- **The data**:

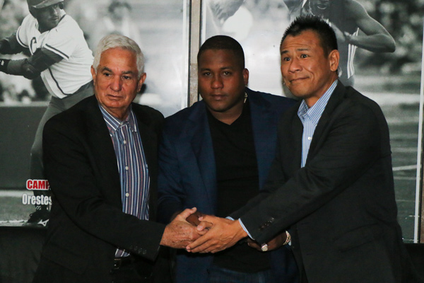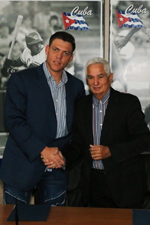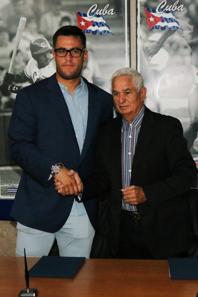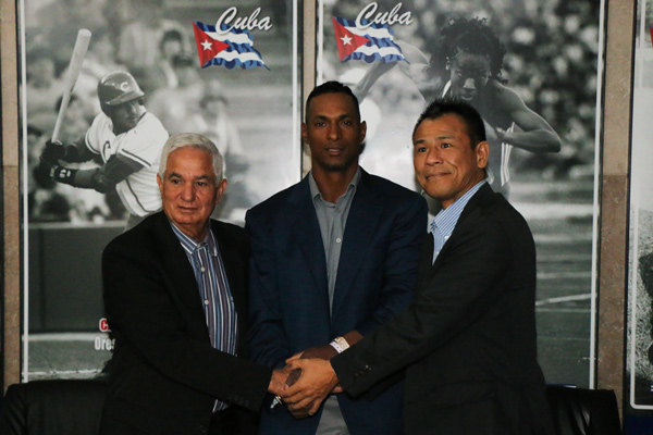 En el lobby del Coliseo de la Ciudad Deportiva capitalina rubricaron contratos además los jugadores de posición Alfredo Despaigne y el más valioso de la temporada precedente Yurisbel Gracial, ambos con los campeones vigentes de los Halcones de Softbank.
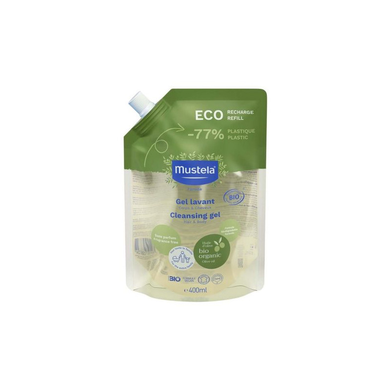 Le Gel Lavant Mustela Bio nettoie efficacement et respecte la peau délicate et le cuir chevelu des bébés et des enfants. Il convient au corps et aux cheveux, dès la naissance et pour toute la famille.
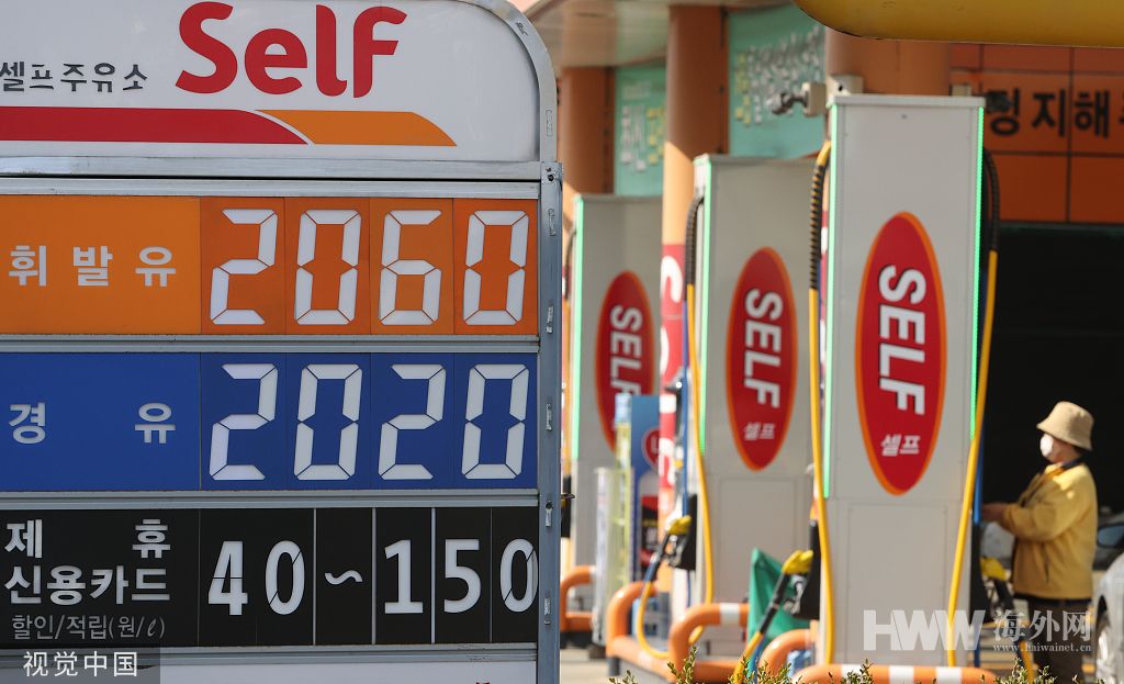 当地时间2022年3月22日,韩国首尔,当地加油站情景。国际油价暴涨,再次突破了110美元大关。美国WTI 4月原油期货收涨7.08%,报112.12美元/桶。(图:视觉中国)
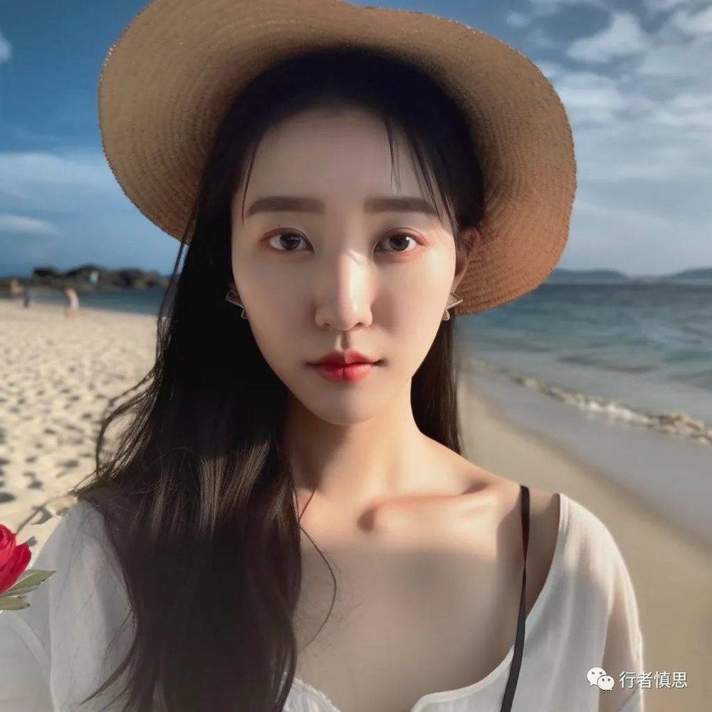 这征友启事中虽说强调女主“长得很漂亮”,但是到底有多漂亮呢?我也很好奇。于是乎,我八卦心起,把这段话“喂”给了AI画图神器Midjourney。它给出了4个候选图:

- **Requirement**:
Through to the final line, copy the material above exactly and skip the images.

- **Solution to this task**:
 En el lobby del Coliseo de la Ciudad Deportiva capitalina rubricaron contratos además los jugadores de posición Alfredo Despaigne y el más valioso de la temporada precedente Yurisbel Gracial, ambos con los campeones vigentes de los Halcones de Softbank.
 Le Gel Lavant Mustela Bio nettoie efficacement et respecte la peau délicate et le cuir chevelu des bébés et des enfants. Il convient au corps et aux cheveux, dès la naissance et pour toute la famille.
 当地时间2022年3月22日,韩国首尔,当地加油站情景。国际油价暴涨,再次突破了110美元大关。美国WTI 4月原油期货收涨7.08%,报112.12美元/桶。(图:视觉中国)
 这征友启事中虽说强调女主“长得很漂亮”,但是到底有多漂亮呢?我也很好奇。于是乎,我八卦心起,把这段话“喂”给了AI画图神器Midjourney。它给出了4个候选图:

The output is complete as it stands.